Stranamente noi italiani sempre buoni ultimi a recepire Norme Europee – e molto spesso multati dalla
UE per i ritardi – questa volta abbiamo voluto fare i primi della classe. Si sente un forte “odore di
demagogia”!
Bottiglie in acido polilattico (PLA)
Come si poteva facilmente ipotizzare il sacchetto è solo l’inizio: leggiamo infatti
sull’etichetta di una bottiglia di acqua minerale Sant’Anna2:
L’unica al mondo che sparisce in soli 80 giorni (e l’ambiente ringrazia).
Dai vegetali arriva la prima bottiglia eco-sostenibile, la prima e unica al mondo nel formato 1,5l.
Sant'Anna Bio Bottle è compostabile: mentre si conserva come le bottiglie di plastica tradizionale, si
biodegrada completamente in 80 giorni negli appositi siti di compostaggio.
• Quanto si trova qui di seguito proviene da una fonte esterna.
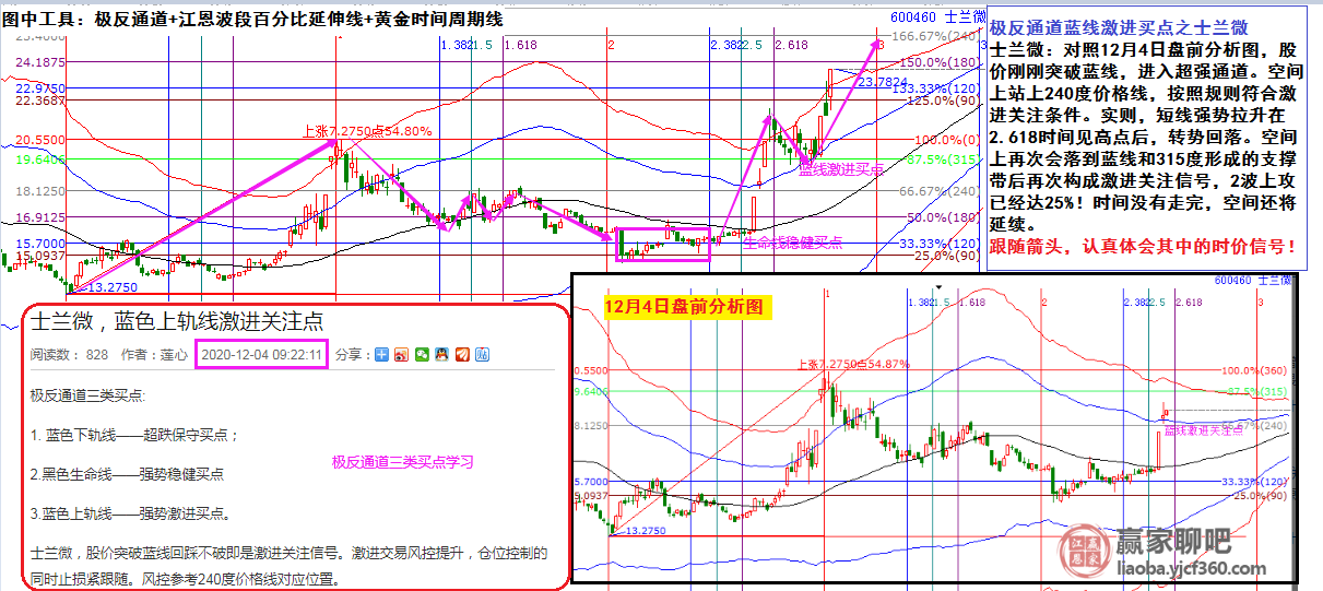 士蘭微:對照12月4日盤前分析圖,股價剛剛突破藍(lán)線,進(jìn)入超強(qiáng)通道。空間上站上240度價格線,按照規(guī)則符合激進(jìn)關(guān)注條件。實則,短線強(qiáng)勢拉升在2.618時間見高點(diǎn)后,轉(zhuǎn)勢回落。空間上再次會落到藍(lán)線和315度形成的支撐帶后再次構(gòu)成激進(jìn)關(guān)注信號,2波上攻已經(jīng)達(dá)25%!時間沒有走完,空間還將延續(xù)。(跟隨箭頭,認(rèn)真體會其中的時價信號?。?/p>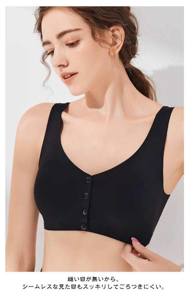 | 【乳がん用パット対応!】【前開き】【パットあり】 スナップボタンだから留め外しが簡単。スナップでしっかり留まり、ズレを軽減します。 縫い目が無いから、シームレスな見た目もスッキリしてごろつきにくい。 ストレッチ性抜群で締め付け感が少なくバスト全体をやさしくホールド。 高い通気性で、汗をかいてもさらりと軽やかな着心地です。 使用方法: まずは乳がんパットを保護カバーに入れる。 ブラジャーのポケットを開く。 乳がんパットをポケットに入れる。 適当な位置を調整する。 | |

650 milioni di bottiglie Sant'Anna Bio Bottle permettono un risparmio di 176.800 barili di petrolio
con cui riscaldare per un mese una città di 520.000 abitanti e riducono le emissioni di CO2 pari a
un'auto che compia il giro del mondo per 30.082 volte in un anno.
Per questo, oltre a scegliere un'acqua minerale naturale dalla
riconosciuta, eccezionale leggerezza, con Sant'Anna Bio Bottle fai una
scelta decisa in favore della sostenibilità dell'ambiente.
Sant'Anna Bio Bottle. Plastica vegetale Ingeo™ al posto del petrolio.
Può essere conferita nella raccolta differenziata dell'organico. Per
maggiori chiarimenti rivolgiti al locale gestore della raccolta rifiuti.
Il tappo è in PE e deve essere conferito nella raccolta differenziata
della plastica.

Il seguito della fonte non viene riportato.